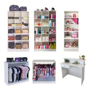 Com nossos expositores você terá muito mais espaço para organizar e expor tudo o que você precisa, deixando sua loja super linda, alavancando suas vendas e lhe proporcionando muito sucesso e lucratividade. É o seu sonho se tornando realidade! Nesse contexto, desenvolvemos móveis de fabricação própria, com otimização de processos e matéria prima de qualidade, com design detalhadamente elaborado, para levar até você o que há de melhor, com preço de fábrica. ------ Veja a descrição detalhada de cada item: ----- DUAS UNIDADES = A COLMÉIA 15 NICHOS BIA é excelente para armazenar e expor, ajuda na decoração e deixa tudo organizado e bem visível. Todo mundo ama ela! Colméia Bia: Altura: 182 / Largura: 90 / Profundidade: 34cm // MDP. Cada nicho tem: Altura: 33cm. Largura: 28cm. ----- DUAS UNIDADES = BALCÃO ARARA CAROL (A:97 / L:84 / P:30cm) É o móvel ideal para colocar no centro da sua loja, próximo à vitrine ou coladinho na parede. Nela você pendura várias peças de roupa e sobre o tampo poderá expor diversos objetos e até atender seus clientes! É indispensável! ------ UMA UNIDADE = BALCÃO DE ATENDIMENTO COM GAVETA (A:93 / L:90 / P:36cm) Ótimo para você guardar documentos e valores, fazer cálculos, usar o notebook ou celular e principalmente atender seu cliente! Super prático, deixa tudo organizado e mantém a discrição no atendimento. ------ UMA UNIDADE = ESTANTE LIZ = Altura: 182 / Largura: 57 / Profundidade: 30cm. Ela é cheia de prateleiras! Deixa tudo organizado, comporta todos os tipos de objetos e ainda ajuda a decorar a sua loja.
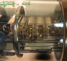 صمام تضخيم ضوئي، بطول حوالي 17 سم؛ إلى اليسار نافذة الدخول بمهبط ضوئي في الوسط مربوط مع دينودات عوازل.
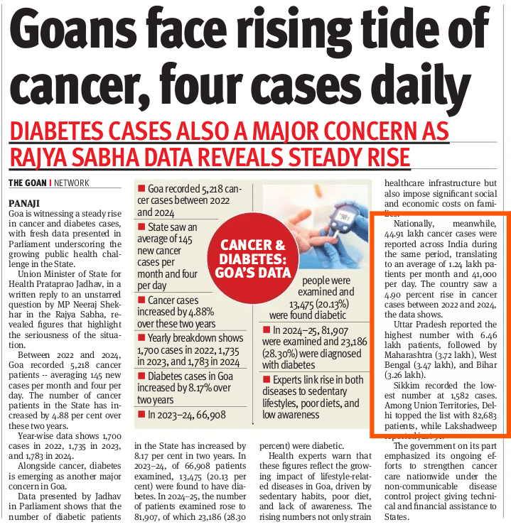 Goans face rising tide of cancer - four cases daily Nationally 44.91 lakh cancer cases were reported for 2024-25 - 124 lakh patients per month (41,000 per day). UP leads with 6.46 lakh patients.
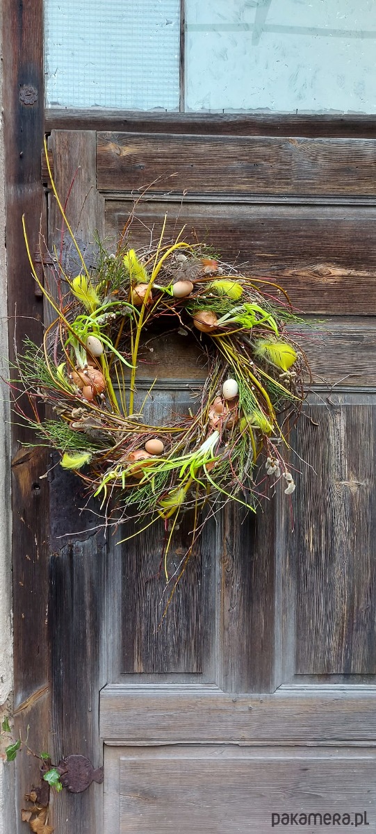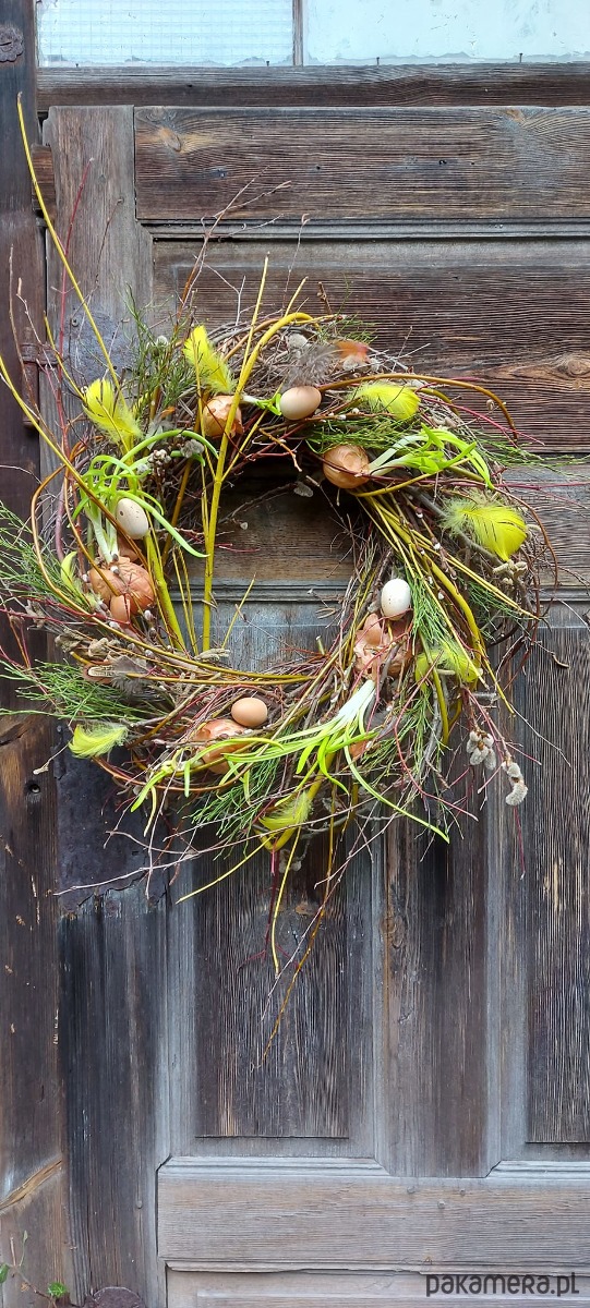 Wianek zrobiony z gałęzi brzozy , derenia zielonego , czerwonego ,bazi, cebuli , piór
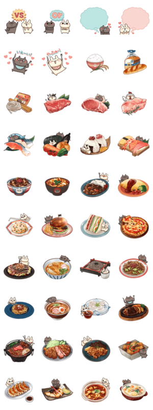 うさぎのしろとねこのくろのスタンプ第二十六弾です。今日何を食べようか迷った時や、食べたいものを伝えたい時にとっても便利!くろ より発売
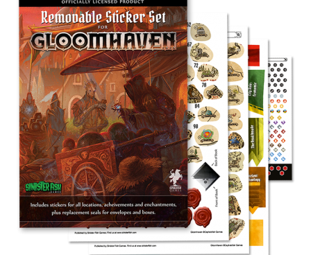 Removable vinyl stickers for all locations, achievements, and enhancements, plus replacement seals for envelopes and boxes.
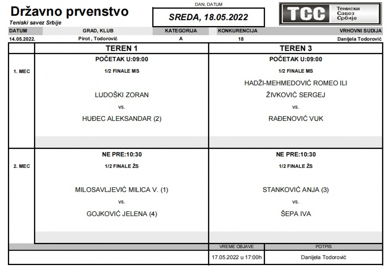 Sutra sreda, 18. maj, na programu su polufinalni mečevi
· · ·
## Work item
The expected output is an exact copy of the lines from the top of the data above through the line containing "صمام تضخيم ضوئي،", both included, with every picture omitted.

## Output
 Com nossos expositores você terá muito mais espaço para organizar e expor tudo o que você precisa, deixando sua loja super linda, alavancando suas vendas e lhe proporcionando muito sucesso e lucratividade. É o seu sonho se tornando realidade! Nesse contexto, desenvolvemos móveis de fabricação própria, com otimização de processos e matéria prima de qualidade, com design detalhadamente elaborado, para levar até você o que há de melhor, com preço de fábrica. ------ Veja a descrição detalhada de cada item: ----- DUAS UNIDADES = A COLMÉIA 15 NICHOS BIA é excelente para armazenar e expor, ajuda na decoração e deixa tudo organizado e bem visível. Todo mundo ama ela! Colméia Bia: Altura: 182 / Largura: 90 / Profundidade: 34cm // MDP. Cada nicho tem: Altura: 33cm. Largura: 28cm. ----- DUAS UNIDADES = BALCÃO ARARA CAROL (A:97 / L:84 / P:30cm) É o móvel ideal para colocar no centro da sua loja, próximo à vitrine ou coladinho na parede. Nela você pendura várias peças de roupa e sobre o tampo poderá expor diversos objetos e até atender seus clientes! É indispensável! ------ UMA UNIDADE = BALCÃO DE ATENDIMENTO COM GAVETA (A:93 / L:90 / P:36cm) Ótimo para você guardar documentos e valores, fazer cálculos, usar o notebook ou celular e principalmente atender seu cliente! Super prático, deixa tudo organizado e mantém a discrição no atendimento. ------ UMA UNIDADE = ESTANTE LIZ = Altura: 182 / Largura: 57 / Profundidade: 30cm. Ela é cheia de prateleiras! Deixa tudo organizado, comporta todos os tipos de objetos e ainda ajuda a decorar a sua loja.
 صمام تضخيم ضوئي، بطول حوالي 17 سم؛ إلى اليسار نافذة الدخول بمهبط ضوئي في الوسط مربوط مع دينودات عوازل.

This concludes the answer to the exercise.